═══ INFORMATION ═══

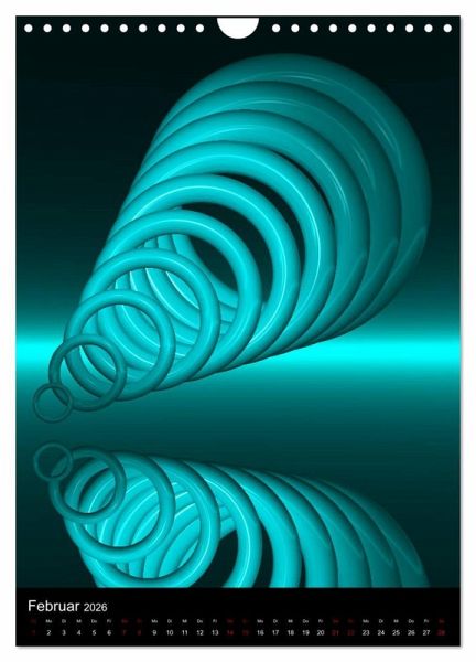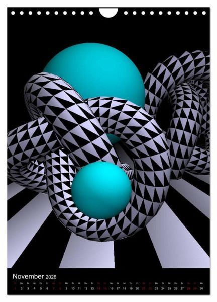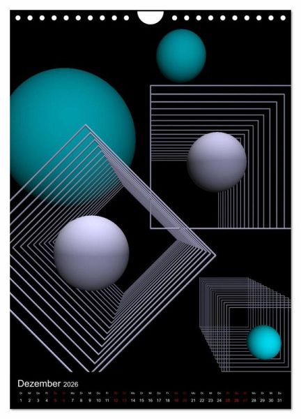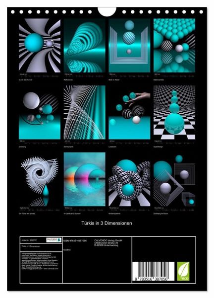 Türkis in 3 Dimensionen, geometrische Bilder begleiten Sie durch das Jahr. Ein eleganter Monatskalender mit schönen räumlichen Bildern überwiegend in den Farben türkis, weiß und schwarz.
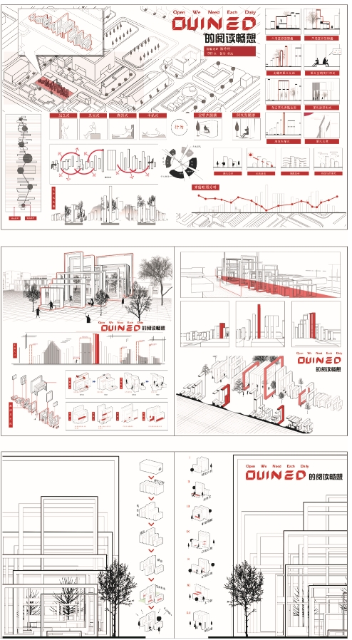 “Owned 的阅读畅想”选址位于湖北省武汉市武昌区湖北大学校内,拟在为学校师生创造一个开敞、自由、有设计感的阅读学习空间。设计以多米诺骨牌为灵感,通过不断调整体系中的各个组成元素以及它们的相互关系,研究以竖立几何空间形成的开放式建筑。
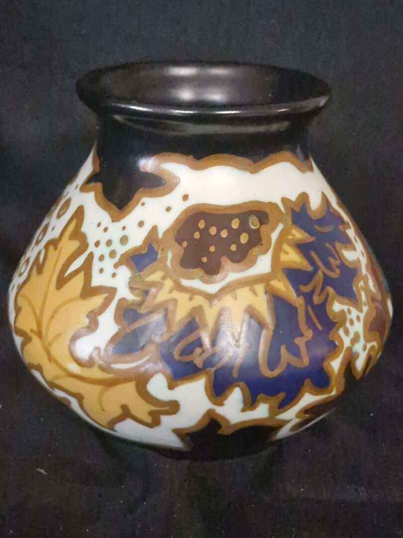 Dit is een handgeschilderde Goudse plateel vaas, vervaardigd door de Arnhemse Fayencefabriek.
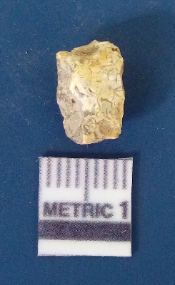 | Description / विवरण | It is chalcedony flake, translucent in appearance. The piece shows sharp pointed ends and flake scars on the surface as a result of flaking. The piece shows a bulb of percussion. |
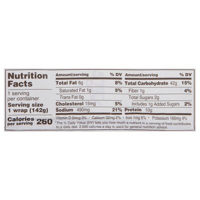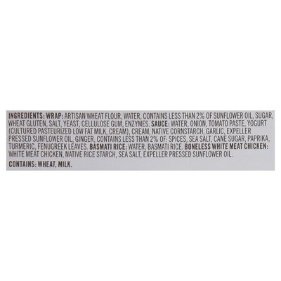 INGREDIENTS: Wrap: Artisan Wheat Flour, Water, Contains Less than 2% of Sunflower Oil, Sugar, Wheat Gluten, Salt, Yeast, Cellulose Gum, Enzymes, Sauce: Water, Onion, Tomato Paste, Yogurt (Cultured Pasteurized Low Fat Milk, Cream), Cream, Native Cornstarch, Garlic, Expeller Pressed Sunflower Oil, Ginger, Contains Less than 2% of: Spices, Sea Salt, Cane Sugar, Paprika, Turmeric, Fenugreek leaves. Basmati Rice: Water, Basmati Rice. Boneless White Meat Chicken: White Meat Chicken, Native Rice Starch, Sea Salt, Expeller Pressed Sunflower Oil.
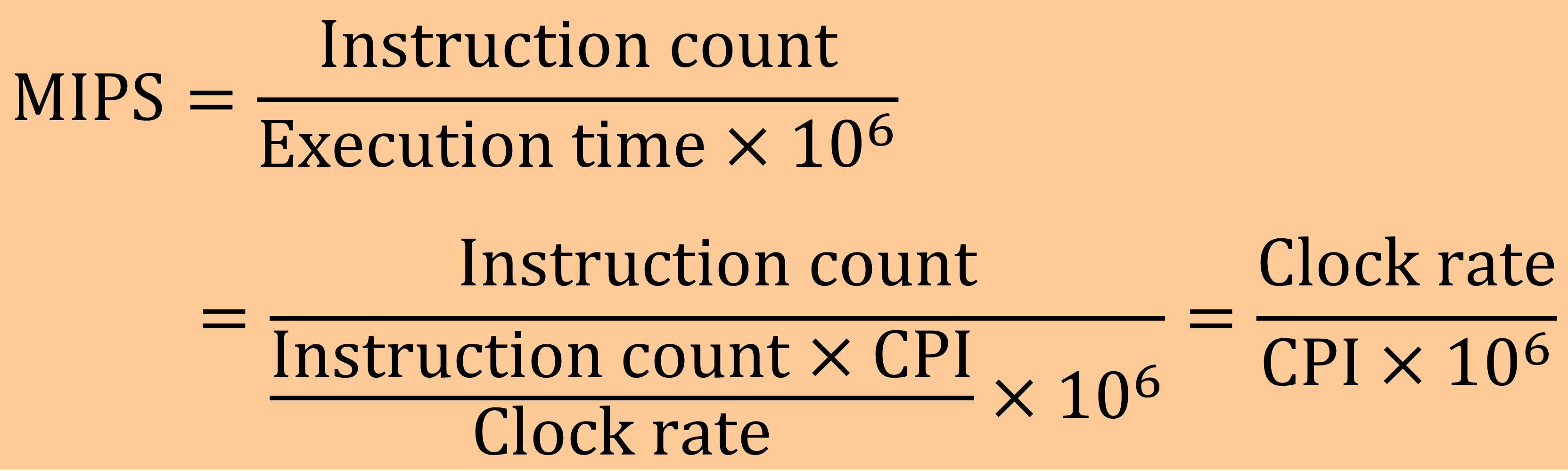 MIPS: Millions of Instructions Per Second (초 당 명령어 수행을 100만으로 나눈 성능 지표)

═══

■ **EXERCISE PROMPT**:
Please retype the whole of the data precisely, omitting pictures.

■ **RESPONSE**:
 Türkis in 3 Dimensionen, geometrische Bilder begleiten Sie durch das Jahr. Ein eleganter Monatskalender mit schönen räumlichen Bildern überwiegend in den Farben türkis, weiß und schwarz.
 “Owned 的阅读畅想”选址位于湖北省武汉市武昌区湖北大学校内,拟在为学校师生创造一个开敞、自由、有设计感的阅读学习空间。设计以多米诺骨牌为灵感,通过不断调整体系中的各个组成元素以及它们的相互关系,研究以竖立几何空间形成的开放式建筑。
 Dit is een handgeschilderde Goudse plateel vaas, vervaardigd door de Arnhemse Fayencefabriek.
 | Description / विवरण | It is chalcedony flake, translucent in appearance. The piece shows sharp pointed ends and flake scars on the surface as a result of flaking. The piece shows a bulb of percussion. |
 INGREDIENTS: Wrap: Artisan Wheat Flour, Water, Contains Less than 2% of Sunflower Oil, Sugar, Wheat Gluten, Salt, Yeast, Cellulose Gum, Enzymes, Sauce: Water, Onion, Tomato Paste, Yogurt (Cultured Pasteurized Low Fat Milk, Cream), Cream, Native Cornstarch, Garlic, Expeller Pressed Sunflower Oil, Ginger, Contains Less than 2% of: Spices, Sea Salt, Cane Sugar, Paprika, Turmeric, Fenugreek leaves. Basmati Rice: Water, Basmati Rice. Boneless White Meat Chicken: White Meat Chicken, Native Rice Starch, Sea Salt, Expeller Pressed Sunflower Oil.
 MIPS: Millions of Instructions Per Second (초 당 명령어 수행을 100만으로 나눈 성능 지표)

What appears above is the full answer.